Colliers adds top-tier firm to Canadian engineering platform
GlobeNewswire News Room· 2025-05-08 20:01
Core Insights - Colliers has announced the acquisition of Higher Ground Consulting Inc., enhancing its Canadian engineering platform Englobe Corporation [1][3] - Higher Ground, established in 2013, employs 65 professionals and specializes in multidisciplinary engineering consulting services in Alberta and British Columbia [2] - The acquisition aims to expand Colliers' footprint and expertise across Canada, particularly in the water resources sector [3] Company Overview - Colliers operates as a global diversified professional services and investment management company, with a focus on Real Estate Services, Engineering, and Investment Management [4] - The company has a proven business model and a unique partnership philosophy, delivering approximately 20% compound annual returns for shareholders over the past 30 years [4] - Colliers generates nearly $5.0 billion in annual revenues and manages over $100 billion in assets, employing a team of 23,000 professionals [4]

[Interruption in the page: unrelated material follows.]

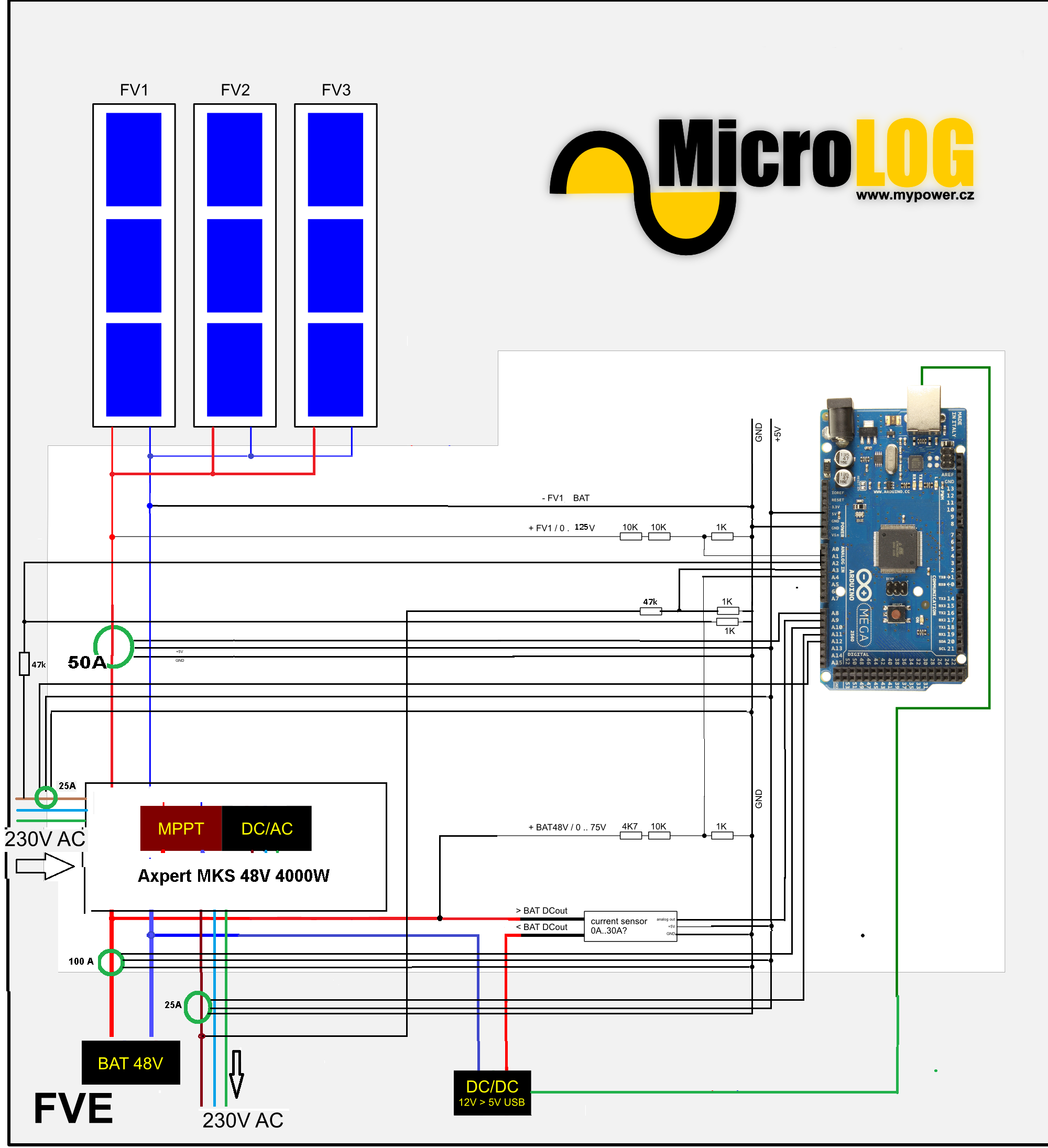 Diskuze se věnuje zapojení měření elektrických veličin u fotovoltaických systémů a jejich propojení s Mikrologem a Arduinem. Uživatelé sdílejí zkušenosti s výběrem čidel, správným zapojením a ochranou vstupů, aby bylo možné spolehlivě sledovat stav systému a přepínání mezi sítí a měničem. Součástí jsou i doporučení na vhodné komponenty a způsoby měření napětí a proudu.

Colliers Announces Normal Course Issuer Bid
Globenewswire· 2025-05-07 11:30
Core Viewpoint - Colliers International Group Inc. has announced its intention to initiate a normal course issuer bid (NCIB) for its subordinate voting shares, allowing for the purchase of up to 4,300,000 shares over a twelve-month period, which represents approximately 10% of the public float as of April 30, 2025 [1][2]. Group 1: NCIB Details - The NCIB will commence on May 9, 2025, and conclude no later than May 8, 2026, with purchases made through the TSX, alternative Canadian Trading Systems, or Nasdaq [2]. - Colliers may purchase up to 4,300,000 subordinate voting shares, which is about 10% of the 43,457,718 shares in the public float as of April 30, 2025 [2]. - Daily purchases under the NCIB will be limited to 13,777 subordinate voting shares, excluding block purchases, based on the average daily trading volume of 55,111 shares from November 1, 2024, to April 30, 2025 [2]. Group 2: Previous NCIB and Management Strategy - The previous NCIB authorized the purchase of up to 4,000,000 subordinate voting shares and expired on July 19, 2024, with no shares purchased under that program [4]. - Colliers may decide to purchase shares if it finds the market price attractive and believes it is a suitable use of corporate funds [3]. Group 3: Broker and Purchase Plan - BMO Nesbitt Burns Inc. has been appointed as the designated broker for the NCIB, and an automatic share purchase plan (ASPP) has been established to facilitate purchases during regulatory black-out periods [5]. - The ASPP has been pre-cleared by the TSX and will be effective starting May 9, 2025 [5]. Group 4: Company Overview - Colliers is a global diversified professional services and investment management company, with nearly $5.0 billion in annual revenues and over $100 billion in assets under management [6]. - The company operates through three platforms: Real Estate Services, Engineering, and Investment Management, and has consistently delivered approximately 20% compound annual returns for shareholders over the past 30 years [6].